*Exercise prompt:* Although the entries hold pictures, only their words are printed back, exactly as given.

*The input:*
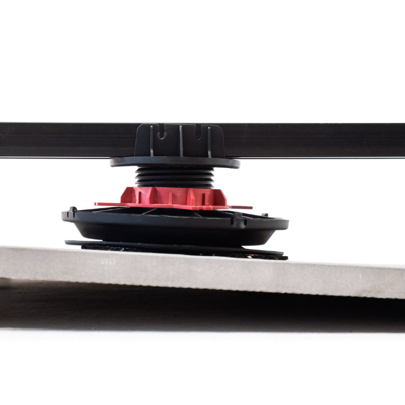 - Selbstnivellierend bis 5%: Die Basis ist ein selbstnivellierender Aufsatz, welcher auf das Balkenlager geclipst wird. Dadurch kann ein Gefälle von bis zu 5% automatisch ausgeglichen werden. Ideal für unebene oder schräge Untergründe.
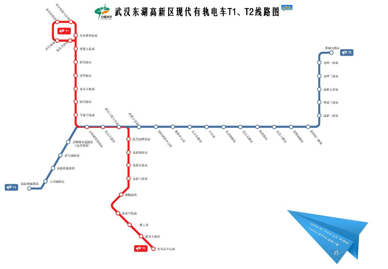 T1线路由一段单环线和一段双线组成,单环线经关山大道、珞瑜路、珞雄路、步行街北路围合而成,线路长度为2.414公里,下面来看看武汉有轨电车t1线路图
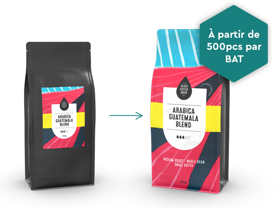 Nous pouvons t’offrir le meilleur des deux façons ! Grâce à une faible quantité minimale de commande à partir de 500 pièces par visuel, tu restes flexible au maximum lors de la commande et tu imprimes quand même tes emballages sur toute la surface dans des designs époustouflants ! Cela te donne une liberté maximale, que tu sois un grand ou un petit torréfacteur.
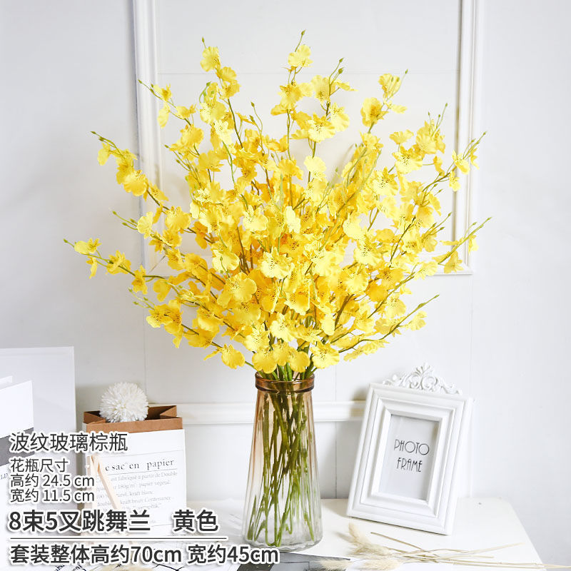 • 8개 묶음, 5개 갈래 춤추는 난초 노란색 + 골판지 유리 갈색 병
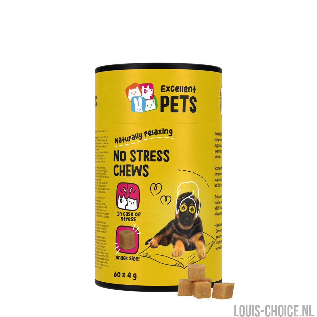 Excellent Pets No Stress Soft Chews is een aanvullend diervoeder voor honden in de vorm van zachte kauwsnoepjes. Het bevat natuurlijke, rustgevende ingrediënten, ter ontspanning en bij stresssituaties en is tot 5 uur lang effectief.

*Task output:*
 - Selbstnivellierend bis 5%: Die Basis ist ein selbstnivellierender Aufsatz, welcher auf das Balkenlager geclipst wird. Dadurch kann ein Gefälle von bis zu 5% automatisch ausgeglichen werden. Ideal für unebene oder schräge Untergründe.
 T1线路由一段单环线和一段双线组成,单环线经关山大道、珞瑜路、珞雄路、步行街北路围合而成,线路长度为2.414公里,下面来看看武汉有轨电车t1线路图
 Nous pouvons t’offrir le meilleur des deux façons ! Grâce à une faible quantité minimale de commande à partir de 500 pièces par visuel, tu restes flexible au maximum lors de la commande et tu imprimes quand même tes emballages sur toute la surface dans des designs époustouflants ! Cela te donne une liberté maximale, que tu sois un grand ou un petit torréfacteur.
 • 8개 묶음, 5개 갈래 춤추는 난초 노란색 + 골판지 유리 갈색 병
 Excellent Pets No Stress Soft Chews is een aanvullend diervoeder voor honden in de vorm van zachte kauwsnoepjes. Het bevat natuurlijke, rustgevende ingrediënten, ter ontspanning en bij stresssituaties en is tot 5 uur lang effectief.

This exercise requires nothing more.